GI FABPs Compared to Other NEC Diagnostic Markers/Combination Markers

Other biomarkers have also been evaluated as diagnostic markers for NEC and many of them have been considered in concert with the FABP proteins. Fecal calprotectin (S100A8/A9), a protein released mainly from activated neutrophils, is widely used as a biomarker of GI inflammation [20]. While the measurement of fecal calprotectin in infants with NEC has slightly higher sensitivity than urinary I-FABP:Cr (0.81 versus 0.79), specificity is lower (0.79 versus 0.85) [21]. However, when measured in combination (urine I-FABP:Cr and fecal calprotectin), the sensitivity and specificity for the diagnosis of NEC increased to 94% and 79%, respectively [21].

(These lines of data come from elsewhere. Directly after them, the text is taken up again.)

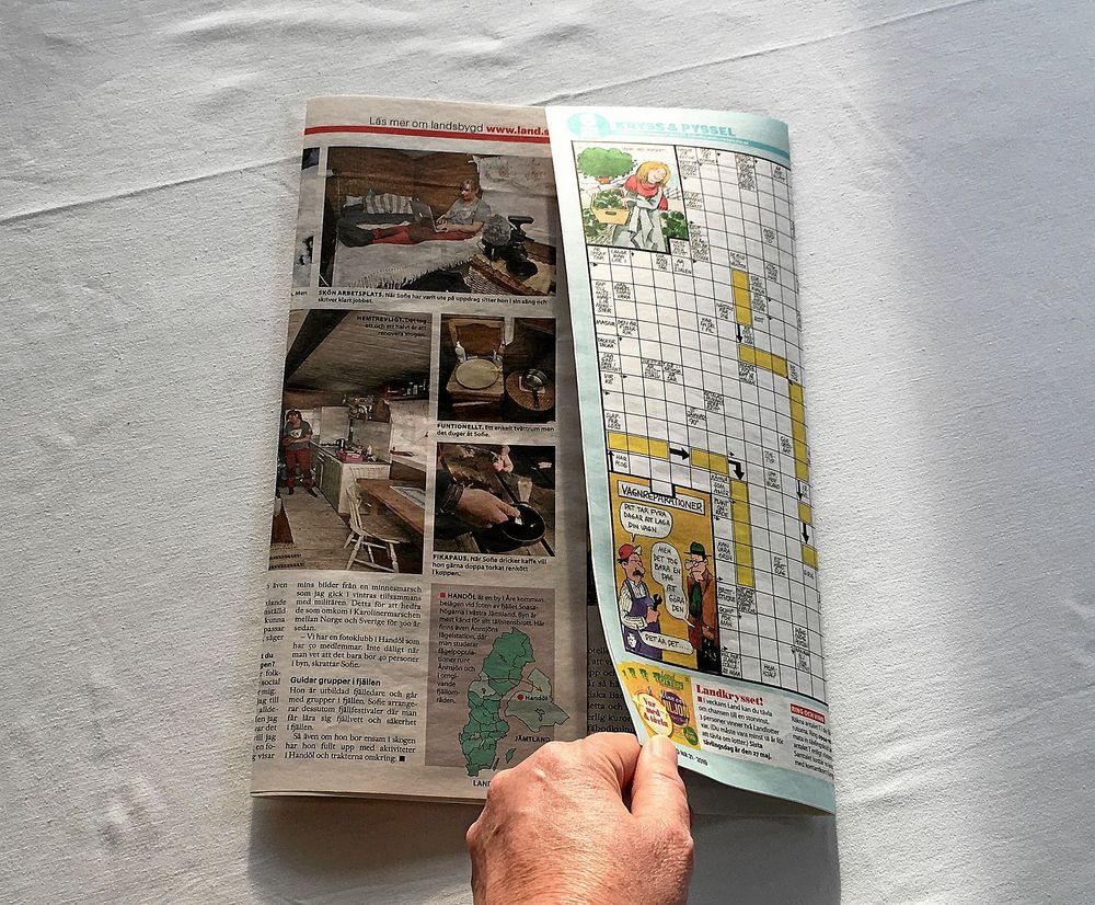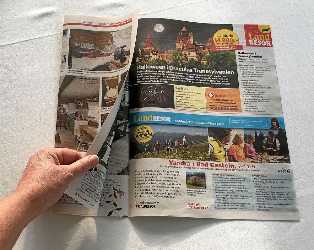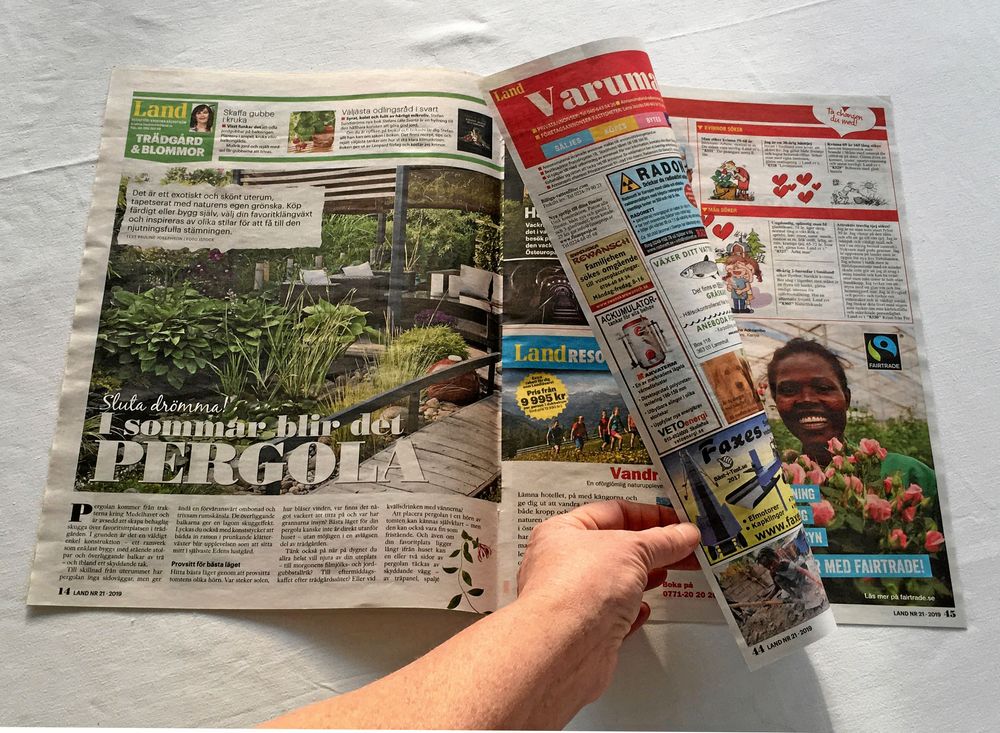 Byt ut plasten mot papper – och börja med ett exemplar av Land! Påsen är lätt att göra och väger nästan ingenting. Trots det blir den stadig eftersom den görs i dubbelt papper, två uppslag Land åt gången.
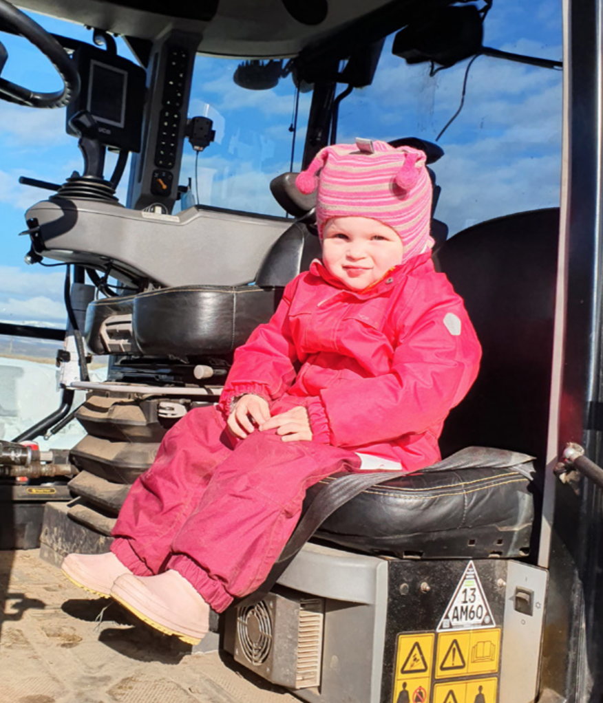 Katrín Rós Gunnlaugsdóttir, dótturdóttir þeirra Hannesar og Kristínar, situr hér kotroskin í dráttarvélinni.
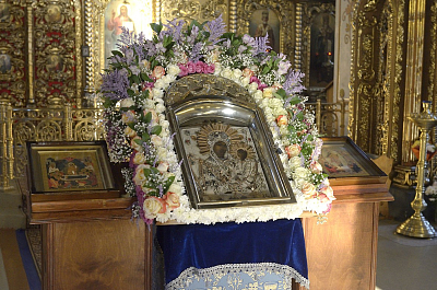 Сила Вышняго осеняет выну с верою притекающих к державному покрову Твоему, Владычице, и благоговейно чтущих чудотворную икону Твою, Богомати, той бо дадеся благодать от Бога всяк недуг и язю в людех врачевати, темже благодарственно вопием Богу: Аллилуиа.
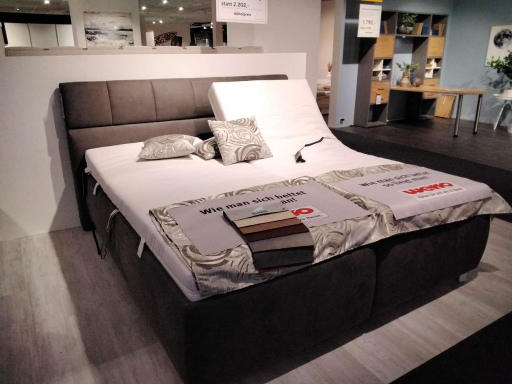 AusführungPolsterbett, Liegefläche ca. 180x200 cm geteilt, 2x Matratze Kimberly H3/H4, 2x Lattenrost 1611 mit motorischer Verstellung inkl. Decke ca. 140x200 cm und Kissenset, 2x 40x40cm/1 x30x30 cm
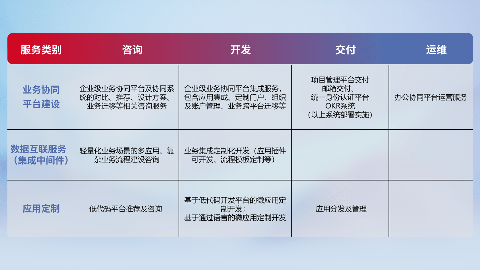 针对钉钉、、、企微、、、IDaas等平台级产品提供产品的规划、、、方案、、交付、、、、定制化开发等服务,,,实现如统一协同办公、、智能客户服务、、混合会议管理、、、、智能数据查询、、、等业务场景,,,实现数字化转型。。

The finding that fecal calprotectin is raised in infants with NEC fits with one of the underlying hypotheses for the development of NEC, which is dysregulation of the immune system and activation of proinflammatory cytokines such as interleukin-8 (IL-8) [22,23,24]. One study has compared serum IL-8 levels to levels of serum I-FABP and L-FABP in infants with and without NEC [25]. All three markers were significantly elevated in the infants with NEC (Bell’s stage ≥ 2) compared to age-matched controls, with IL-8 observed to have the highest area under the curve (AUC) of 0.99, suggesting that serum IL-8 may be a better diagnostic marker than I-FABP or L-FABP.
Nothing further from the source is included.